Esse sujeito, com todos os seus adjetivos e contradições, mudou a
história desse país, e mesmo que as pessoas continuem mergulhadas
no entretenimento barato, no consumo ou em suas reflexões científicas
estéreis, lá no fundo elas sabem que algo mudou e que essa guerra
civil nos permitiu vislumbrar um pouco das leis eternas que organizam
a existência. Por mais cruéis e sanguinolentos que tenham sido alguns
combates, por mais estúpidas que tenham sido as motivações ou por
mais covardes que tenham sido os massacres, a Revolução foi nossa
catarse, a catarse que precisávamos como purgação dos últimos cinco
séculos. A destruição nos ensinou sobre a eternidade.

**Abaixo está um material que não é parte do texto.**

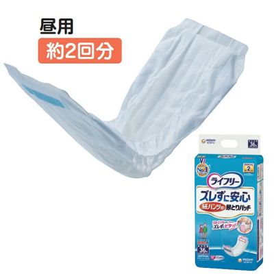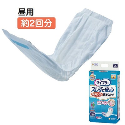 パンツの中でピタッとくっつく!紙をはがす手間のない、何度でも付けはずしできる前後のズレ止めテープ付きはうれしいですね。安心の2回吸収」尿を素早く拡散・吸収するから うすくても安心です。 昼用としておススメしています。 ※1回の排尿量150mlとして(メーカー測定方法によります)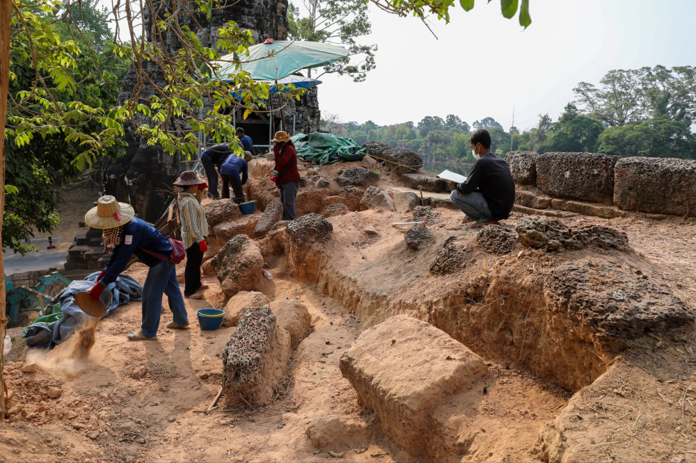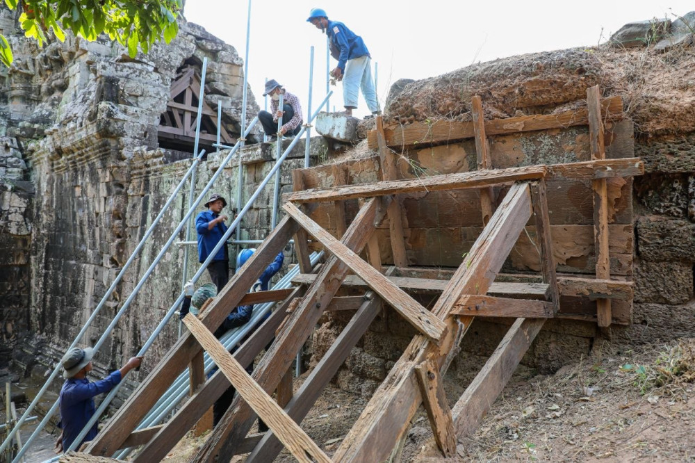 អាជ្ញាធរជាតិអប្សរា កំពុងជួសជុលជញ្ជាំងថ្មបាយក្រៀម ផ្នែកខាងត្បូង ឆៀងខាងលិចរបស់កំពែងក្រុងអង្គរធំ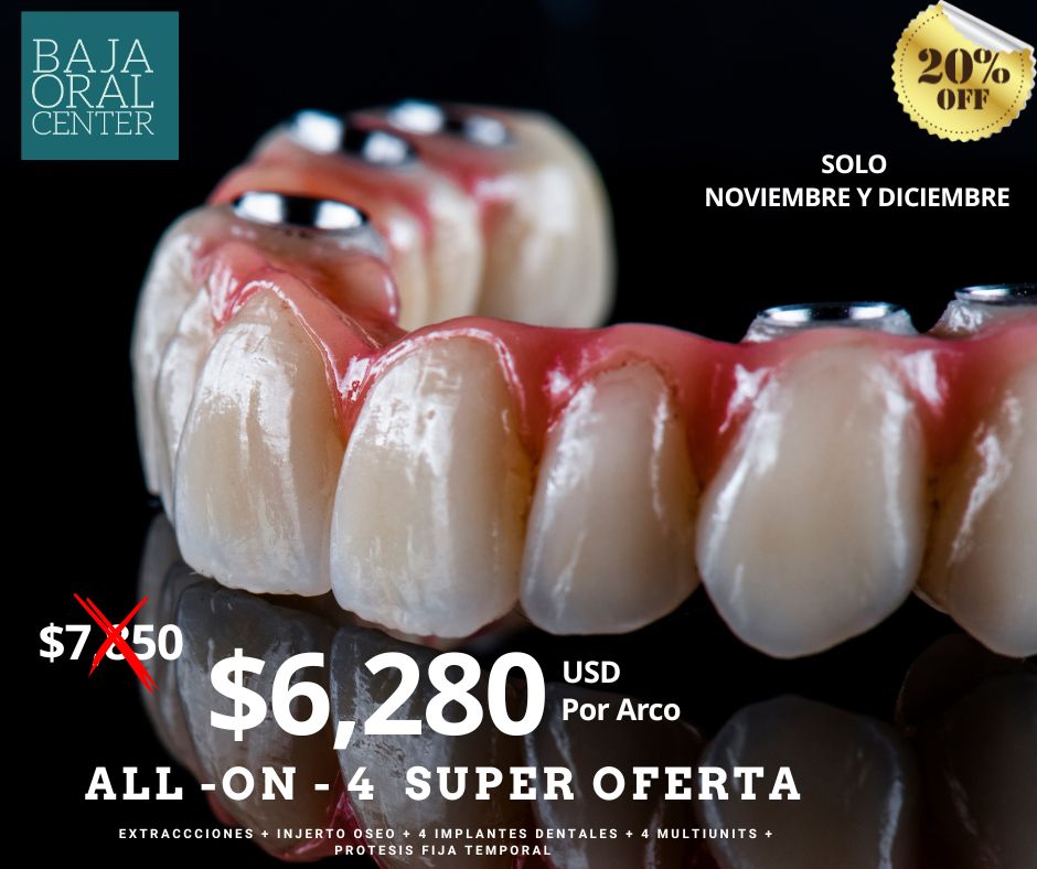 Con el tratamiento ALL- ON -4 en Baja Oral Center, recuperas dientes fijos y una sonrisa natural en un solo dia.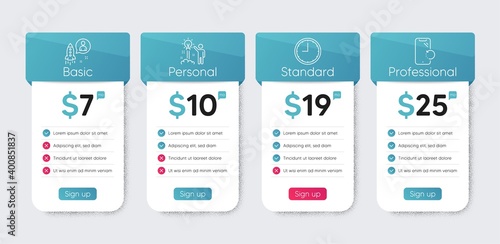 Time, Startup and Creative idea line icons set. Price table chart, business plan template. Smartphone recovery sign. Office clock, Developer, Startup. Phone repair. Technology set. Vector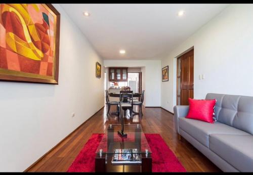 Apartamento en Miraflores坐落于利马的米拉弗罗尔,距离拉柯马购物中心有2分钟步行路程,距离民族博物馆有7.9公里,距离圣马丁广场有10公里。这家住宿距离雷东多海滩(Playa Redondo)有2.6公里,为客人提供免费WiFi,内部提供私人停车位。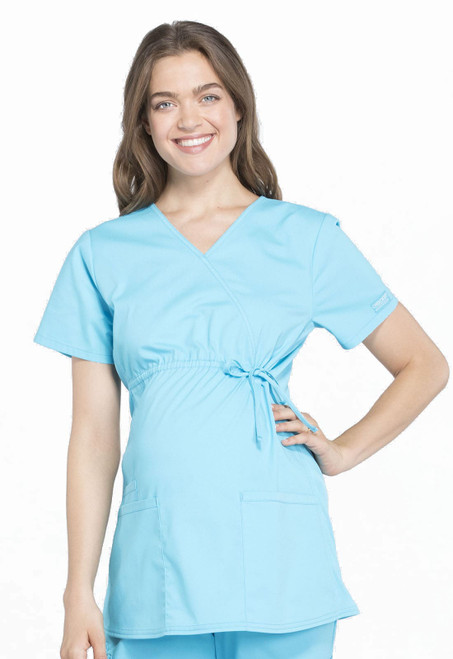A Maternity mock wrap top features an empire waist with functional side-tie drawstring, and soft, stretchy rib-knit side panels. Also featured are two patch pockets and a cell phone pocket. Our comfy Maternity styles are designed to support and flatter using your current size, so there's no need to size up. When ordering Cherokee Workwear Maternity styles, remember to order your pre-pregnancy size. Center back length: 27 1/2"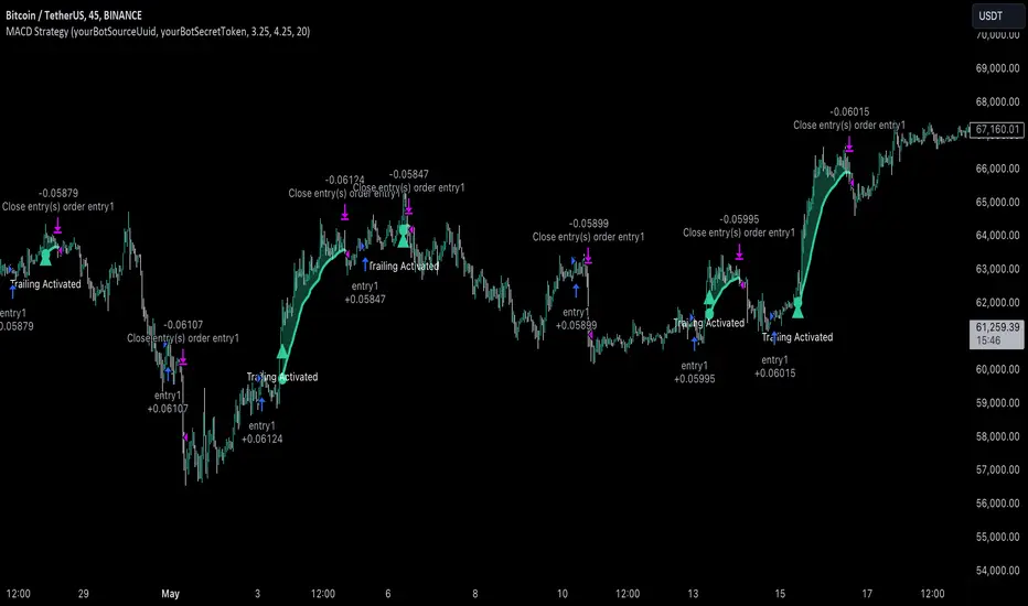 Apply to the desired timeframe between 30 min and 4 hours and chart (optimal performance observed on 45 min BTC/USDT).

Em novembro de 2010 os jornais noticiaram a emblemática invasão
do Bope ao Complexo do Alemão, fortemente armados e protegidos
dentro dos blindados da Marinha e a mídia do mundo todo
transmitindo aquelas imagens da fuga dos traficantes, alguns deles
sendo alvejados ao vivo e o mundo todo comentando sobre a operação
de limpeza social, realizada com o objetivo de tornar a cidade do Rio
apresentável para a copa do mundo da Fifa de 2014 e as olimpíadas de
2016; colocá-la nos padrões internacionais de turismo e permitir aos
membros das classes média e alta que a visitassem sem serem
incomodados pelos resquícios de uma realidade brutal e
demoniacamente opressiva.
Abri o jornal O Globo e a foto de capa mostrava um policial
hasteando a bandeira do Brasil no alto de alguma favela ocupada pela
polícia, como se aquela cena de filme americano pudesse emocionar
ou como se aquilo representasse uma nova esperança para o calejado e
experimentado povo brasileiro; todos discutiam as implicações
daquele episódio e na USP, principalmente na FFLCH, as discussões
estavam pegando fogo. Professores e alunos organizaram diversas
discussões públicas sobre a invasão das favelas, sobre a falsa
pacificação, sobre a legalização das drogas, sobre a criminalização da
pobreza e a maior parte desses debates terminava em porrada ou em
agressões verbais do mais baixo nível; o núcleo de estudos da
violência nunca produziu tantos artigos e seus membros sentiam uma
excitação constante, como quando trepamos e não queremos que a
trepada acabe nunca, eles desejavam que a invasão não acabasse
nunca para poderem estudarem-na minuciosamente e assim
descobrirem “o segredo por trás da violência”, para poderem fazer a
“anatomia da violência” e anunciarem suas reveladoras estatísticas.
O fato foi que a invasão das favelas, além de movimentar a vida
intelectual da USP, fez os olhos de Dom brilharem estranhamente e
nos dias que se seguiram ele ficou isolado e nas semanas seguintes ele
desapareceu. Estávamos em fim de semestre e o desaparecimento de
Dom não parecia tão estranho, já que a universidade entrava de férias
e todos deixavam o campus, mas até sua namorada estranhou. Não
estranhou muito porque ela já sabia que Dom era bicho solto, assim
como ela também, ele sumia sem avisar e voltava sempre de alguma
aventura louca com muitas estórias e novas percepções, e era esse
caos sem rotina que alimentava seu espírito continuamente.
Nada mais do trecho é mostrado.